Richter became so engrossed in his work that he kept a seismograph machine in his living room and made himself available to answer earthquake questions 24/7. He also helped to develop new building codes for earthquake-prone neighborhoods. In the latter half of the 20th century, the Richter scale was replaced by the moment magnitude scale, which measures the size of earthquakes in terms of the energy released. Still, to the public, the Richter scale remains the most recognizable measurement.

There are around 500,000 earthquakes across the world every year, only 100 of which cause damage. Tectonic movement of just seven to eight inches is enough for a major earthquake. The largest recorded earthquake in the world happened in 1960 in Chile, a magnitude of 9.5 on the Richter scale.

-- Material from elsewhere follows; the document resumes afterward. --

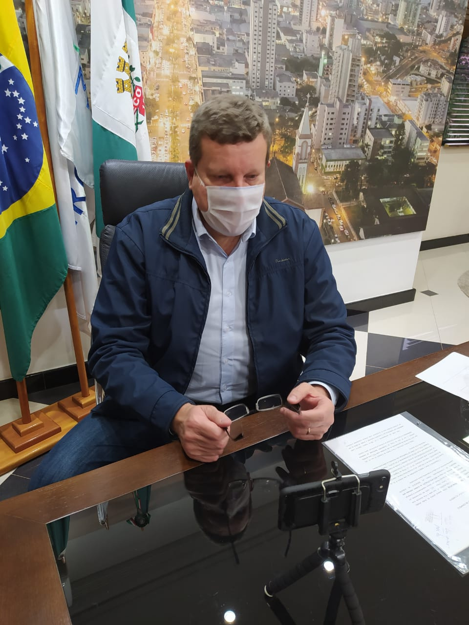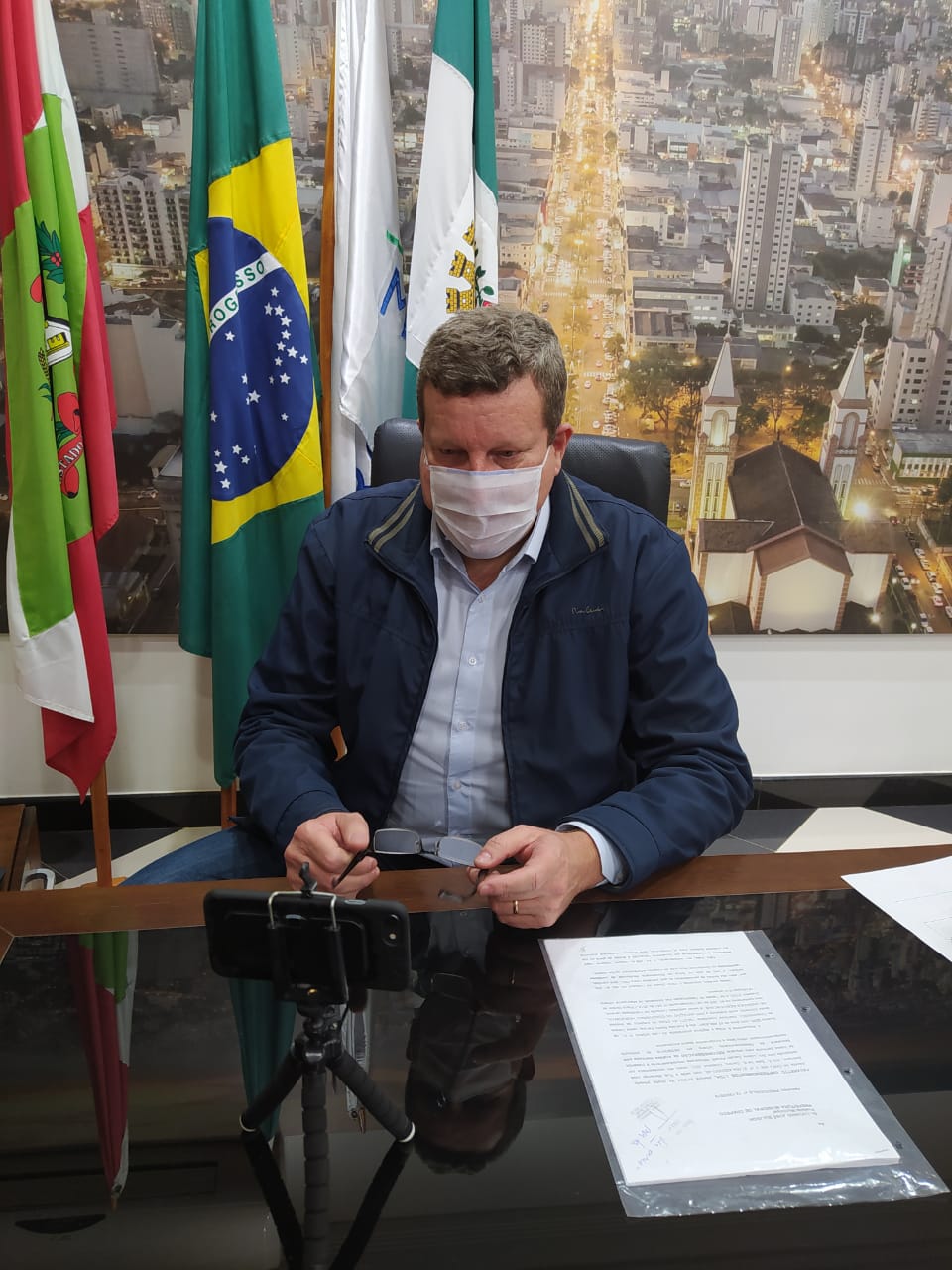 Chapecó, 25/05/2020, segunda-feira O prefeito de Chapecó, Luciano Buligon realizou reunião por videoconferência com representantes da ACIC Nelson Akimoto, CDL Clóvis Spohr, Sicom Ricardo Urbancic e CEC Cidnei Barozzi, nesta segunda-feira (25), no final da tarde.

Today is the anniversary of the Chernobyl disaster of 1986 in the USSR. A flawed reactor design and lax safety standards led to one of the largest nuclear disasters in history, resulting in the evacuation of over 100,000 residents living in and around Chernobyl. Only 300 people refused to move from the area surrounding the plant, now officially known as the “zone of alienation.” Twenty-eight people were killed within a week of the accident by acute radiation poisoning. Experts predict that the eventual death toll could reach 4,000 as cancer cases and other radiation-related illnesses come to light. Today, scientists study the effects of radiation on the local flora and fauna. In 2011, Chernobyl was officially declared a tourist attraction.